§ **Assignment**
Please copy, exactly as written, the span from the first line below to the line that contains "报告会上,苏明娟分享了亲历党", including both, and skip the pictures.

[[ The data open ]]

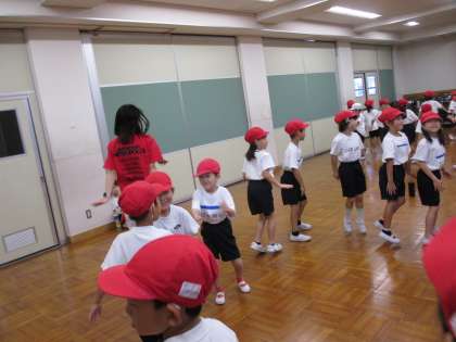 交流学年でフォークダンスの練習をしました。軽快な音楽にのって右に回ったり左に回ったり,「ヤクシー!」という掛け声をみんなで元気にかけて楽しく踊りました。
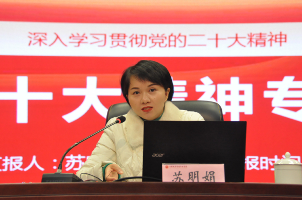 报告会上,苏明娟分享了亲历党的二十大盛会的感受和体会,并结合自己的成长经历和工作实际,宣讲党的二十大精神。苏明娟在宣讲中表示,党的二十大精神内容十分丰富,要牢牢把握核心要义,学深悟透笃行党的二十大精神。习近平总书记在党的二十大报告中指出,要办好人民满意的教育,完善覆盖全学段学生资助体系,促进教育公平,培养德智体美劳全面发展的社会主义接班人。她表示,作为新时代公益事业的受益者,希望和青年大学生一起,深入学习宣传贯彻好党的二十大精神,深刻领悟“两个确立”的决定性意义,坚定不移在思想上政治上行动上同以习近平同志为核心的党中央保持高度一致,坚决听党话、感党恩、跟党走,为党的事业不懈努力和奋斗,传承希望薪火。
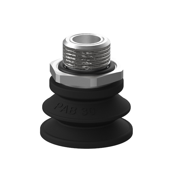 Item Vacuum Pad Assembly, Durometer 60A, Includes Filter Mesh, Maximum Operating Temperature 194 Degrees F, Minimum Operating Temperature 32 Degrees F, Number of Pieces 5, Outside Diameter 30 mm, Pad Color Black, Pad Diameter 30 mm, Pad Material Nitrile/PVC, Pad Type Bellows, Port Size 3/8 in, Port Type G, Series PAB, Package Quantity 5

[[ The data closed ]]

§ **Reply**
 交流学年でフォークダンスの練習をしました。軽快な音楽にのって右に回ったり左に回ったり,「ヤクシー!」という掛け声をみんなで元気にかけて楽しく踊りました。
 报告会上,苏明娟分享了亲历党的二十大盛会的感受和体会,并结合自己的成长经历和工作实际,宣讲党的二十大精神。苏明娟在宣讲中表示,党的二十大精神内容十分丰富,要牢牢把握核心要义,学深悟透笃行党的二十大精神。习近平总书记在党的二十大报告中指出,要办好人民满意的教育,完善覆盖全学段学生资助体系,促进教育公平,培养德智体美劳全面发展的社会主义接班人。她表示,作为新时代公益事业的受益者,希望和青年大学生一起,深入学习宣传贯彻好党的二十大精神,深刻领悟“两个确立”的决定性意义,坚定不移在思想上政治上行动上同以习近平同志为核心的党中央保持高度一致,坚决听党话、感党恩、跟党走,为党的事业不懈努力和奋斗,传承希望薪火。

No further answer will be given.